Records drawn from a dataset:
>>

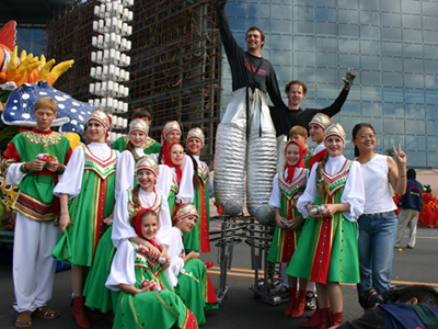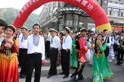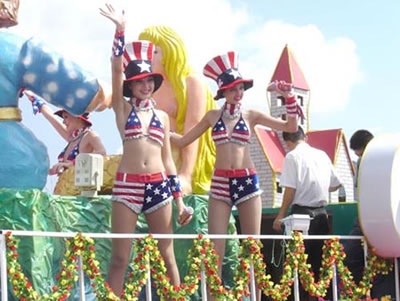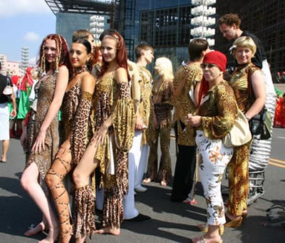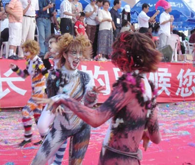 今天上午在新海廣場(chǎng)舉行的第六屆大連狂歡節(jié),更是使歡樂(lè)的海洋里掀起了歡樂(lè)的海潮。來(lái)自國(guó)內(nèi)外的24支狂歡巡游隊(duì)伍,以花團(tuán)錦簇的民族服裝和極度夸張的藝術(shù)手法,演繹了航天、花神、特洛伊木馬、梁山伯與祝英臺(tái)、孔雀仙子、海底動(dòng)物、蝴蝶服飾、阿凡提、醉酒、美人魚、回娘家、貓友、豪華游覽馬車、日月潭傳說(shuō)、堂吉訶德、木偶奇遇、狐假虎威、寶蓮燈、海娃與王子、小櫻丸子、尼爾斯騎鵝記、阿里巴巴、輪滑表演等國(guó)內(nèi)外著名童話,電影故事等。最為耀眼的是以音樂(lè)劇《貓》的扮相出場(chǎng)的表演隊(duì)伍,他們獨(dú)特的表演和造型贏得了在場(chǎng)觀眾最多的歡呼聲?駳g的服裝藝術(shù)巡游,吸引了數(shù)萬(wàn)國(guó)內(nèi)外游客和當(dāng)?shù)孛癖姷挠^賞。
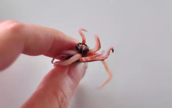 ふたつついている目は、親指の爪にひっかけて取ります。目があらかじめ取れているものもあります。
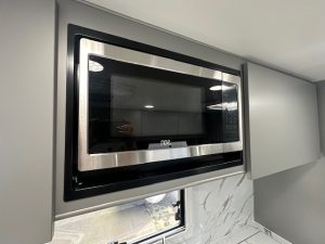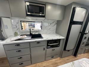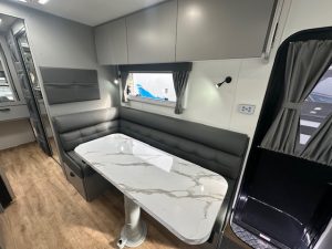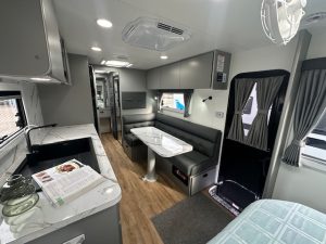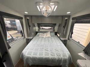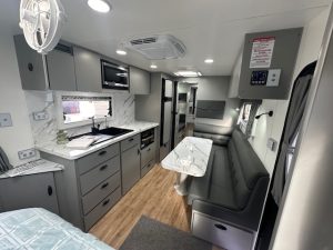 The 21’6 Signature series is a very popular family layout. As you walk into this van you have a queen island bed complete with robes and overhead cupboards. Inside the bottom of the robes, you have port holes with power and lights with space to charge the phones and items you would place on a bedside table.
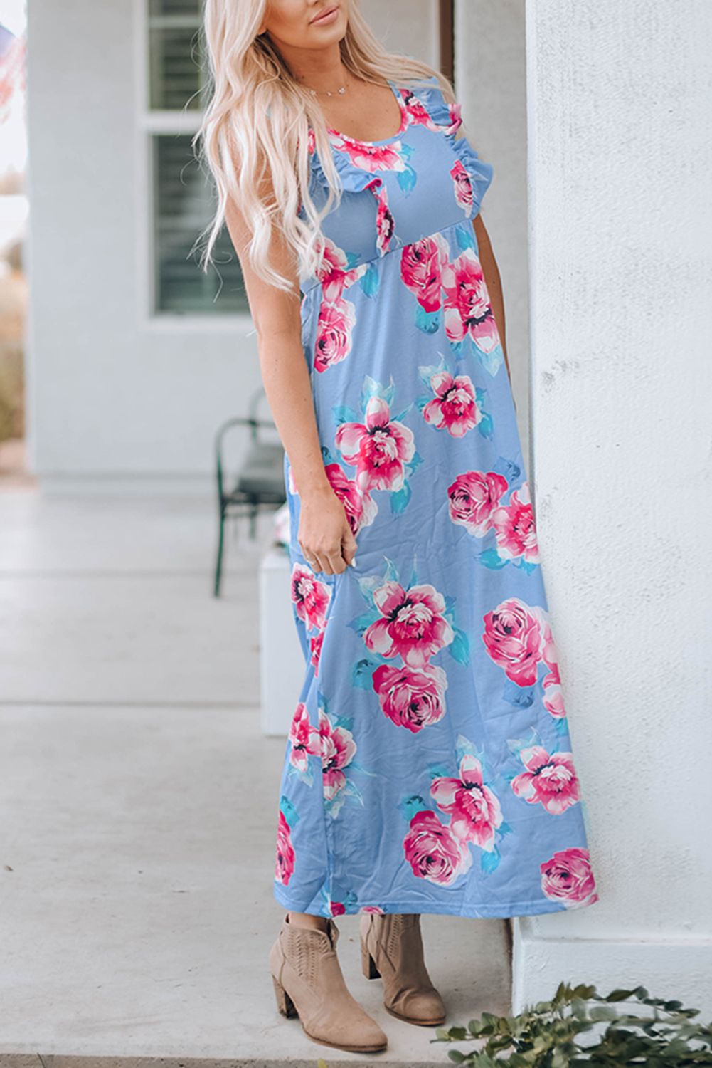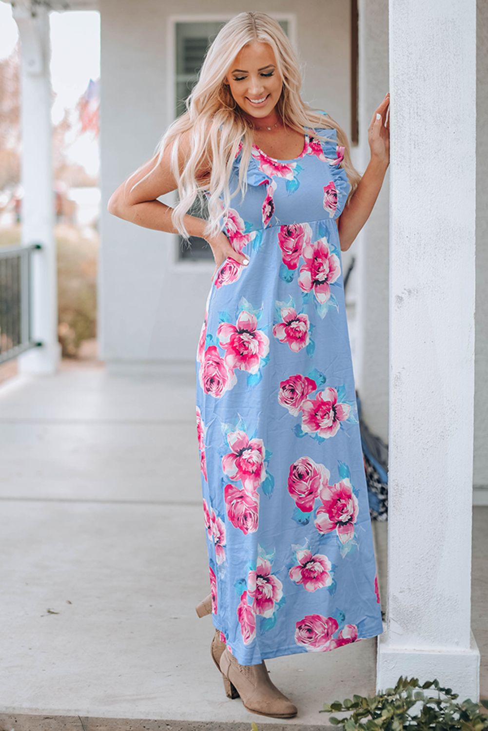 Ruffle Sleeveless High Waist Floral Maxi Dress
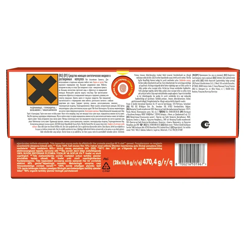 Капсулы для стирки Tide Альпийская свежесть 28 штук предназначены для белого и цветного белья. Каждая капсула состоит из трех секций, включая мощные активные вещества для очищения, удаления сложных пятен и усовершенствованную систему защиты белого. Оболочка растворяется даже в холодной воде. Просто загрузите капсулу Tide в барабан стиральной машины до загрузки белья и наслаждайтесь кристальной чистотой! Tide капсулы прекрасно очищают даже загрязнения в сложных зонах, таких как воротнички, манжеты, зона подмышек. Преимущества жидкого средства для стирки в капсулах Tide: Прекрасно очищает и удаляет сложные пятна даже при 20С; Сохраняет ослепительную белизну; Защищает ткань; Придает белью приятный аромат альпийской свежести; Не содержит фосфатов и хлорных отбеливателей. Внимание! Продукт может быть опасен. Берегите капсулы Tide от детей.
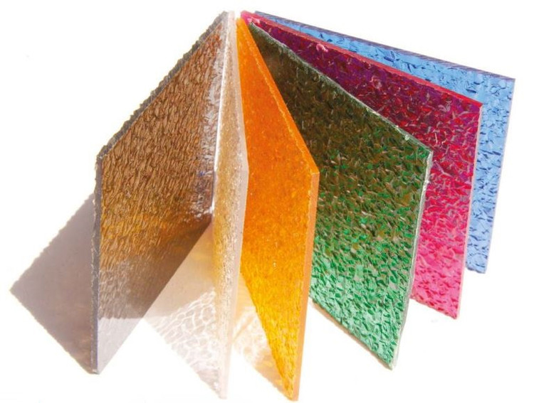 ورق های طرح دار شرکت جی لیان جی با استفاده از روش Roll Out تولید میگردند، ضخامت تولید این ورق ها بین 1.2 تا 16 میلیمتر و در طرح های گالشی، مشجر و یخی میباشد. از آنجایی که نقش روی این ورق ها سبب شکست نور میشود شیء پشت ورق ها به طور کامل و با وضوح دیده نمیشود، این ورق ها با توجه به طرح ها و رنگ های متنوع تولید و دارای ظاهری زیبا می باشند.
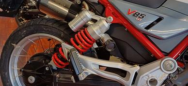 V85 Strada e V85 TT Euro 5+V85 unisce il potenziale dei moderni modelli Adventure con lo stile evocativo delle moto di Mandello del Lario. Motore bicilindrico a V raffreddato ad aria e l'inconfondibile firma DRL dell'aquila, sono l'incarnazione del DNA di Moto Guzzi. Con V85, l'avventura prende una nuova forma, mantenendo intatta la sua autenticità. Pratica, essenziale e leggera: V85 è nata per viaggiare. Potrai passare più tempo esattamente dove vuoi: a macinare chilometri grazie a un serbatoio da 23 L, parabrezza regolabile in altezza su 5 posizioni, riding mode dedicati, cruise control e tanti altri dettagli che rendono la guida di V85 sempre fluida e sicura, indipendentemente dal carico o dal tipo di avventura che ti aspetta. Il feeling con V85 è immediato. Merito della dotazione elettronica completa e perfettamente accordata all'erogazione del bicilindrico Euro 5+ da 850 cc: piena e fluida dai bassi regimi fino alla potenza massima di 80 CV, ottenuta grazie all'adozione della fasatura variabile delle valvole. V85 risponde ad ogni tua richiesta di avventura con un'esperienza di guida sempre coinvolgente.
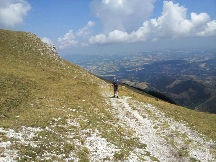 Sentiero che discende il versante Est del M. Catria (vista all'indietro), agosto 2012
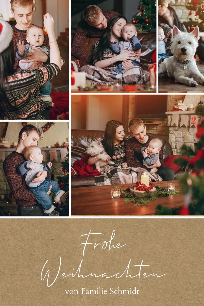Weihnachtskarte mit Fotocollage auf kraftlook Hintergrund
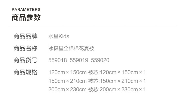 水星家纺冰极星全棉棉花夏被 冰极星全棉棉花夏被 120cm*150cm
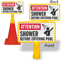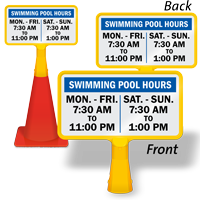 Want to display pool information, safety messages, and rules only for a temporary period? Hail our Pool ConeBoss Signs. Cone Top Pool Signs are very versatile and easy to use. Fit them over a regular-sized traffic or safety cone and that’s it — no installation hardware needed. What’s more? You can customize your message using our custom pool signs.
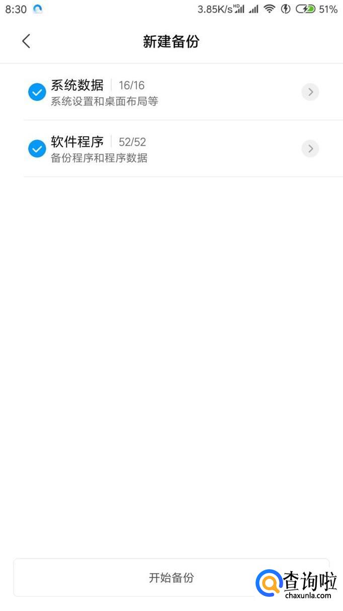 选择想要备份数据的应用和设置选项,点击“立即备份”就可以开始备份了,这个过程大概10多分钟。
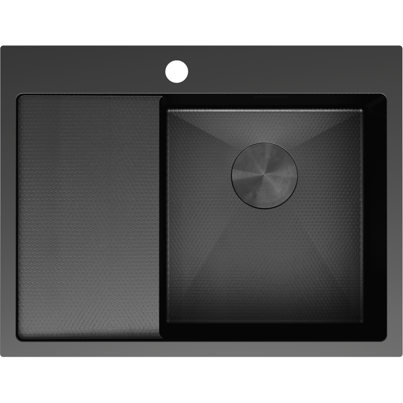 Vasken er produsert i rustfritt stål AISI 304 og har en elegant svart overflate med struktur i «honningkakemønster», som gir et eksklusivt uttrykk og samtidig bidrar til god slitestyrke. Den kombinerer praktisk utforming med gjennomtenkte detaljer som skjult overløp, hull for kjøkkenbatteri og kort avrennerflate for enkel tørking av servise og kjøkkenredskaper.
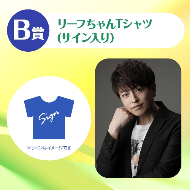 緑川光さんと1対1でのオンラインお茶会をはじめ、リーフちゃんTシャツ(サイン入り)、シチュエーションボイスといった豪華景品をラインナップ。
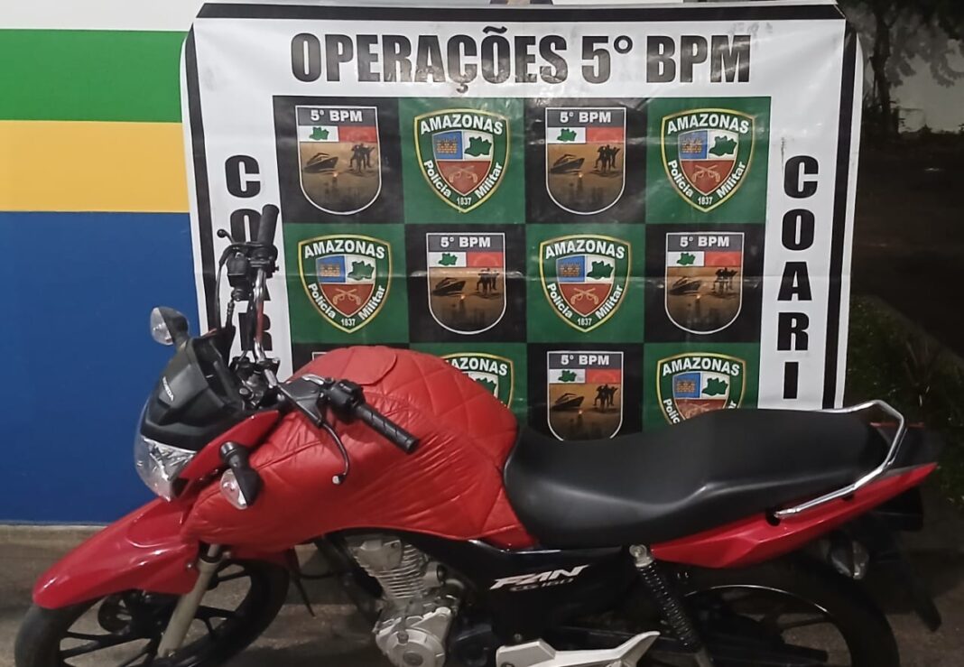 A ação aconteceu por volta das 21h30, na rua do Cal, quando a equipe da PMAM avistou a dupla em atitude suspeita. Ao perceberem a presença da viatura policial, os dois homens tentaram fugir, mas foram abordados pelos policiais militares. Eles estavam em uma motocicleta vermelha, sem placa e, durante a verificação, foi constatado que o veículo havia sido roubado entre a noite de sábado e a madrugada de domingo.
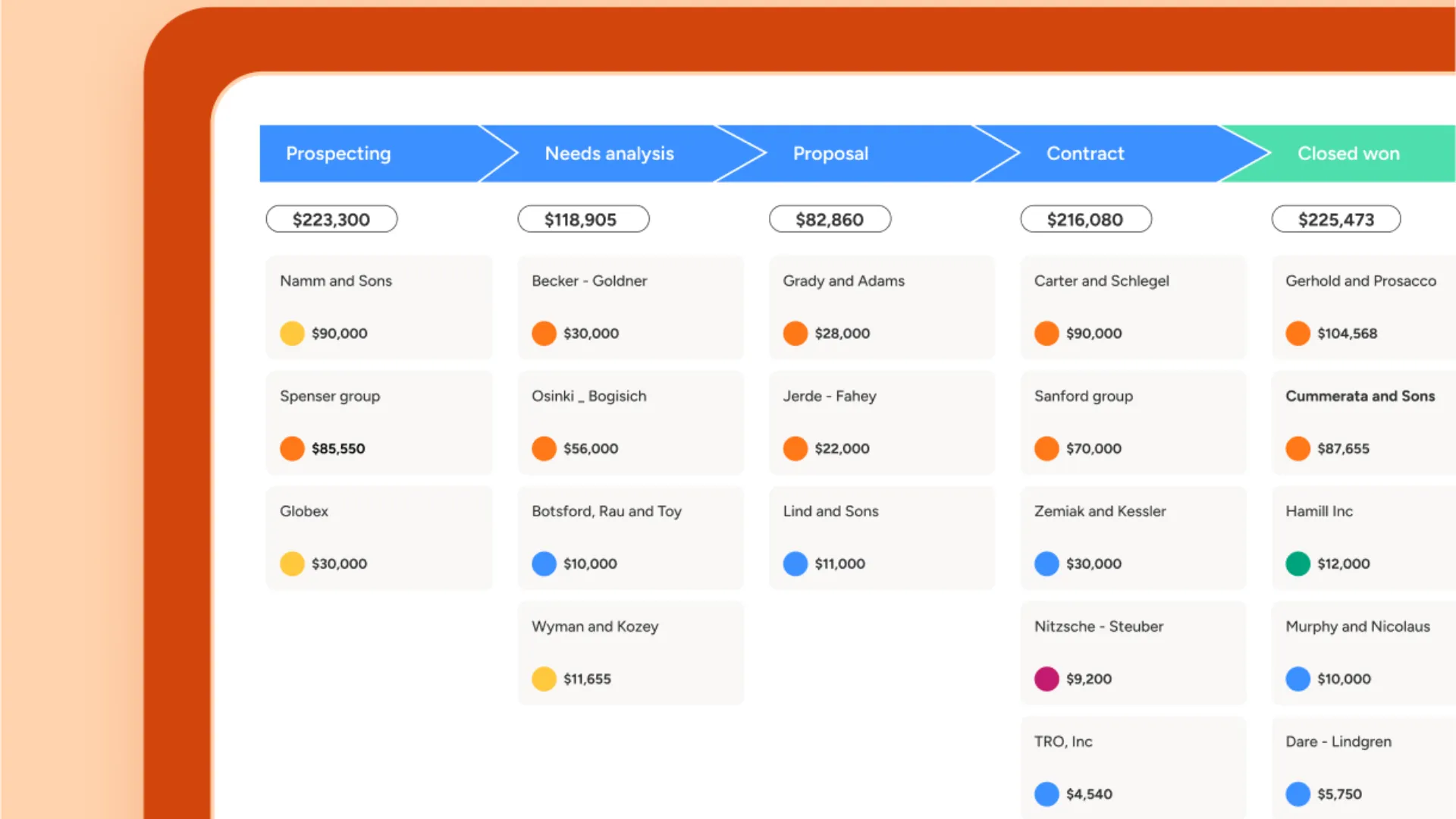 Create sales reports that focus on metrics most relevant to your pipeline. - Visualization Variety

<<

* Task statement
In the data above, find the line with "A ação aconteceu" and repeat it and every line after it through the end, exactly; leave the pictures out.

* Answer to this problem
 A ação aconteceu por volta das 21h30, na rua do Cal, quando a equipe da PMAM avistou a dupla em atitude suspeita. Ao perceberem a presença da viatura policial, os dois homens tentaram fugir, mas foram abordados pelos policiais militares. Eles estavam em uma motocicleta vermelha, sem placa e, durante a verificação, foi constatado que o veículo havia sido roubado entre a noite de sábado e a madrugada de domingo.
 Create sales reports that focus on metrics most relevant to your pipeline. - Visualization Variety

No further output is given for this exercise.